(Beginning of Dataset entries)

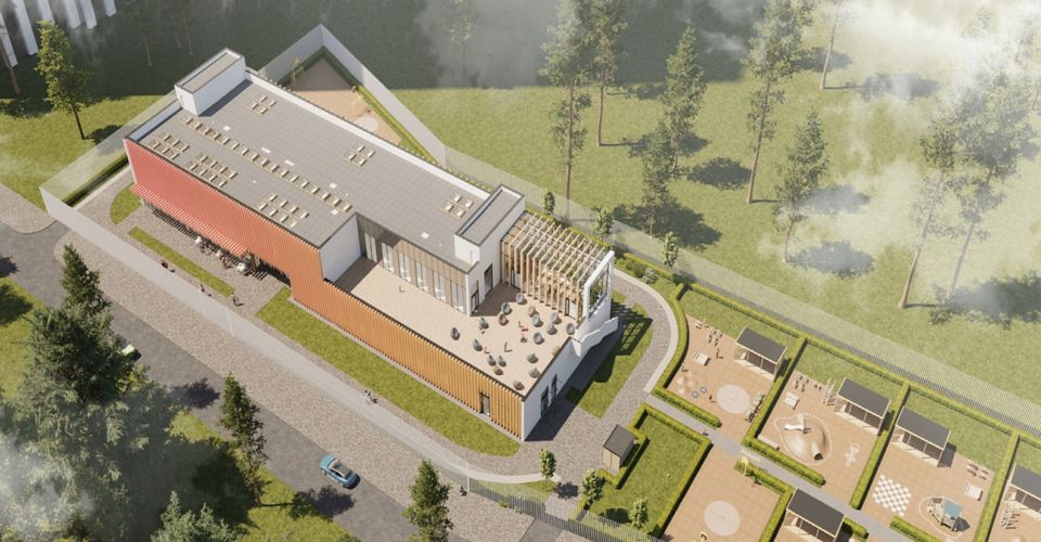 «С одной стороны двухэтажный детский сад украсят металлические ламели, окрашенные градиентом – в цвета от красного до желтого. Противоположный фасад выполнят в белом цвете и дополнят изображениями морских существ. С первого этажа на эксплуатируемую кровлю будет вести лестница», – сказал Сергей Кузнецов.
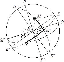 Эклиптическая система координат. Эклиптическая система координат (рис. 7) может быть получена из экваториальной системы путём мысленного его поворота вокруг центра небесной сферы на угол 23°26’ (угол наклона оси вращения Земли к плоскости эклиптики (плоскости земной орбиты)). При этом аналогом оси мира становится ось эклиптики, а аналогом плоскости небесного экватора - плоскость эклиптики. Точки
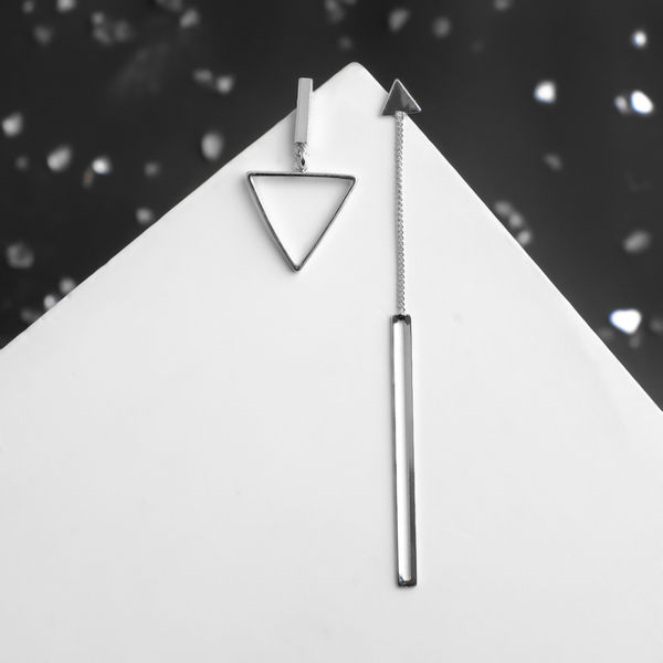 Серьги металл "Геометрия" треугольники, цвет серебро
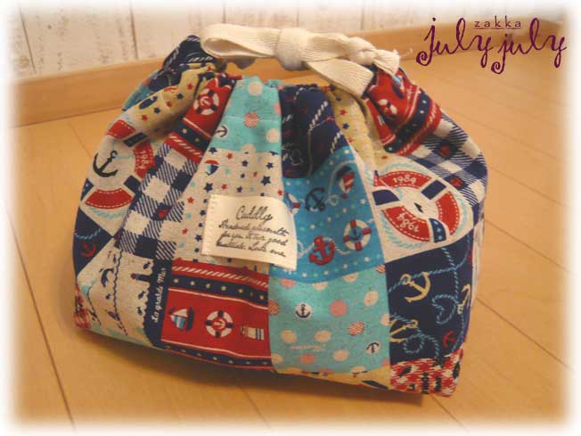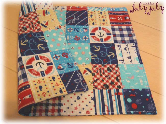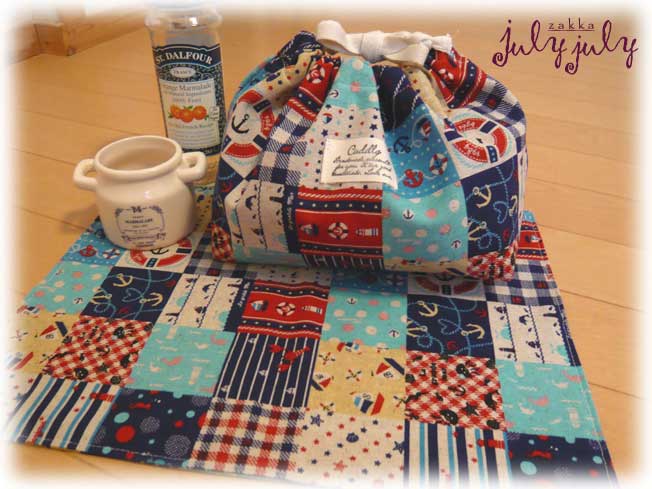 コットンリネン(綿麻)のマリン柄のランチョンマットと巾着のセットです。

(End of Dataset entries)
(Beginning of Dataset entries)

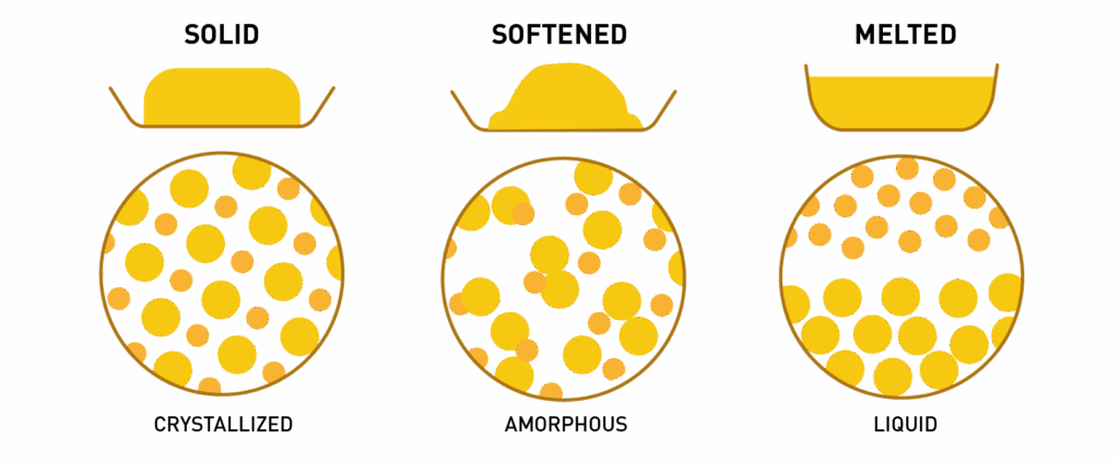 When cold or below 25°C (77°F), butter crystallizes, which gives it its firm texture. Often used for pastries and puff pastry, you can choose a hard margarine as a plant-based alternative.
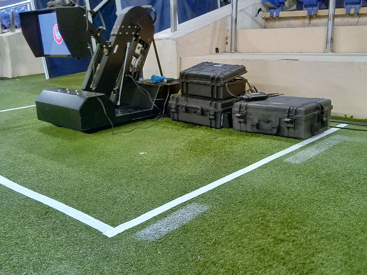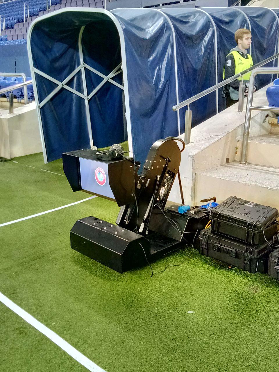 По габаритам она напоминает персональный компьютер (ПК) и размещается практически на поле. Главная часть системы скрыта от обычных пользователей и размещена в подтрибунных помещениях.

(End of Dataset entries)
(Beginning of Dataset entries)

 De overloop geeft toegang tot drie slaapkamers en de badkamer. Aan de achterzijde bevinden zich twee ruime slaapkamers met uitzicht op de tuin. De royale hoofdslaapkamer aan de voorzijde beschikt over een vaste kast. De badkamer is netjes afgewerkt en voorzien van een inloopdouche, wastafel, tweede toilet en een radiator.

(End of Dataset entries)

_What to do_
Find the line with "When cold or" and the line with "По габаритам она" in the records above. Copy both and all lines between them exactly, without pictures.

_The completed task_
 When cold or below 25°C (77°F), butter crystallizes, which gives it its firm texture. Often used for pastries and puff pastry, you can choose a hard margarine as a plant-based alternative.
 По габаритам она напоминает персональный компьютер (ПК) и размещается практически на поле. Главная часть системы скрыта от обычных пользователей и размещена в подтрибунных помещениях.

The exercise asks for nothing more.